La liturgia en la vida del cristiano (I)

   Escrito por: Autor Invitado   en Espiritualidad, FCSBVM

Por P. Manuel Folgar - Fraternidad de Cristo Sacerdote y Santa María Reina

En la recolección de este mes vamos a profundizar en algunas enseñanzas impartidas por Su Santidad el Papa Pío XII en la encíclica Mediator Dei. Esta encíclica la dedicó el Papa al tema de la Sagrada Liturgia de la Iglesia.

Fijémonos bien que la Sagrada Liturgia ocupa un espacio muy importante en nuestra vida: acudimos con frecuencia a la Santa Misa, al menos los domingos y los días festivos; participamos en bautizos, bodas, confirmaciones, entierros, funerales, novenas en honor a la Santísima Virgen y a los Santos, procesiones, etc.

Un tiempo sustancial de nuestra vida lo dedicamos a participar en la Sagrada Liturgia. Y el deseo de la Iglesia es que participemos no sólo asiduamente y con regularidad, sino que lo hagamos de una manera ‘consciente, activa y fructuosa’.

‘Participación consciente’: es decir, que conozcamos bien todo lo que la Iglesia está celebrando en cada acto litúrgico. Que conozcamos el espíritu propio que mueve a la Iglesia en cada celebración.

Que los ritos que emplea la Iglesia no nos sean extraños porque los desconocemos.
Por ejemplo: es distinto el espíritu propio que hemos de tener cuando asistimos a un bautizo que cuando asistimos a un entierro.

Cuando participamos en un bautizo hemos de renovar nuestra conciencia de ser hijos de Dios. Hemos de dar gracias a Dios por habernos hecho hijos suyos de adopción. Hemos de aprovechar para renovar las promesas de nuestro bautismo. Hemos de hacer examen y meditar acerca de si estamos realmente llevando una vida propia de hijos de Dios o si tenemos descuidadas las relaciones con nuestro Padre del cielo, etc.

Cuando participamos en un entierro hemos de pedir con fe y con esperanza el eterno descanso para nuestros difuntos. Hemos de aprovechar para fortalecer en nosotros la conciencia de que un día también nosotros seremos llamados a la presencia de Dios y, por lo tanto, hemos de estar preparados y no volcados en las cosas de este mundo, descuidando nuestra vida espiritual. Hemos de aprovechar para enraizar en nuestro corazón la idea de que todo lo de aquí es pasajero y que lo realmente importante es
aprovechar esta vida viviendo cristianamente para atesorar tesoros en el cielo, si queremos verdaderamente ir a él, etc.

No es igual el espíritu propio del Adviento que el de la Navidad, de la Cuaresma o de la Pascua. Para distinguir bien hemos de aprenderlo y, sobre todo, procurar vivirlo. Lo mismo decimos de los ritos: ¿Por qué el sacerdote besa el Altar o el Santo Evangelio? ¿Qué simboliza el incienso?

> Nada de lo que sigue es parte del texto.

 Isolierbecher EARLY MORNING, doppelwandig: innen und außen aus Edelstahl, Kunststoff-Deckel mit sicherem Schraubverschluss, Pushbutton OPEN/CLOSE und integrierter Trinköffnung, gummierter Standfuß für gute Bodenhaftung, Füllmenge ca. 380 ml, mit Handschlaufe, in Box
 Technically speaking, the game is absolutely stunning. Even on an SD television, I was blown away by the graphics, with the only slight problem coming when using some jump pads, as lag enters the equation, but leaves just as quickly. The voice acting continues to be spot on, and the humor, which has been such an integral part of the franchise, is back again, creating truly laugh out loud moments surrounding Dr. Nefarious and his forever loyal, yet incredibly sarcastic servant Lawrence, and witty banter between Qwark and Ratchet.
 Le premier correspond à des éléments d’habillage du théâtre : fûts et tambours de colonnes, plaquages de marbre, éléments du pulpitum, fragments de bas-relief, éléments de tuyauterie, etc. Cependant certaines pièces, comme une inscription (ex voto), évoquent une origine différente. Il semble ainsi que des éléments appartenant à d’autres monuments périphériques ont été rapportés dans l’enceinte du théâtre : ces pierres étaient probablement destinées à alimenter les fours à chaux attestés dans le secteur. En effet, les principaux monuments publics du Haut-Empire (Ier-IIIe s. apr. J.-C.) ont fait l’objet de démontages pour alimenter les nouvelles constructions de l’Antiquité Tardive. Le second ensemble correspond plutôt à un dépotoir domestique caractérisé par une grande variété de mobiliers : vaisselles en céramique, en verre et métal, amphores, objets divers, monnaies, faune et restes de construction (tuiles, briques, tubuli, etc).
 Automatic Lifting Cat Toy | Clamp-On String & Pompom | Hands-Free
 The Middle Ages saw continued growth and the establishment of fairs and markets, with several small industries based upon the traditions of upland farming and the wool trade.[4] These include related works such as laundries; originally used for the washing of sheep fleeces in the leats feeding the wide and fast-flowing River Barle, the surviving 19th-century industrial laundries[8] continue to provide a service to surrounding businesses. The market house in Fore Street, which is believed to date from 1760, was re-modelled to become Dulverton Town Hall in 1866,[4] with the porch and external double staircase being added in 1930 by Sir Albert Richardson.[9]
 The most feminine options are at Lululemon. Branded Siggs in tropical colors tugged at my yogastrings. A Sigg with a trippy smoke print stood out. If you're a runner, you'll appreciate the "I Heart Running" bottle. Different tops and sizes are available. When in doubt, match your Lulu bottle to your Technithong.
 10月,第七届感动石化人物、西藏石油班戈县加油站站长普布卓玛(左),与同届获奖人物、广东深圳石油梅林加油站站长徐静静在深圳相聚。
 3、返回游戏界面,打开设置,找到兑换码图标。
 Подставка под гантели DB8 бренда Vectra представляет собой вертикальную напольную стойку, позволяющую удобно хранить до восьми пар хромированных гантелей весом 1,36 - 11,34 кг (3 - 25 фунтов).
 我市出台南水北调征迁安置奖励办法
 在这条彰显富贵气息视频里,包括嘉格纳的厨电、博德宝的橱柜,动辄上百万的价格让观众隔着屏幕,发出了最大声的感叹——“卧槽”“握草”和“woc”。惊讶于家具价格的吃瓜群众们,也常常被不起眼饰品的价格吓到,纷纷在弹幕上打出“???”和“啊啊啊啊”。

¿Por qué el Sacerdote se lava las manos antes de comenzar el ofertorio? ¿Qué significan los colores litúrgicos? ¿Qué significado tiene cada una de las piezas con las que se reviste el sacerdote? ¿Por qué el Sacerdote lava los dedos dentro del cáliz cuando lo está purificando después de la Comunión? ¿Por qué unas veces se encienden dos velas, otras cuatro, otras seis y otras veces siete? ¿Qué significa estar de pie, de rodillas o sentado?, etc. Si desconocemos todo eso y muchas otras cosas, no podemos participar
conscientemente. Pero, claro, para conocer todas esas cosas hay que formarse y eso no es posible si somos avaros del tiempo, si buscamos tiempo para todo menos para
las cosas de Dios.

‘Participación activa’: significa que no debemos asistir a los ritos sagrados como meros espectadores. No asistir sólo por costumbre, o movidos únicamente por motivos humanos (voy porque van todos, voy porque he ido siempre, voy para quedar bien con la familia de los novios, del niño que va a ser bautizado, del difunto, etc.; voy porque me han invitado…) Esas no son razones suficientes, ni razones de peso.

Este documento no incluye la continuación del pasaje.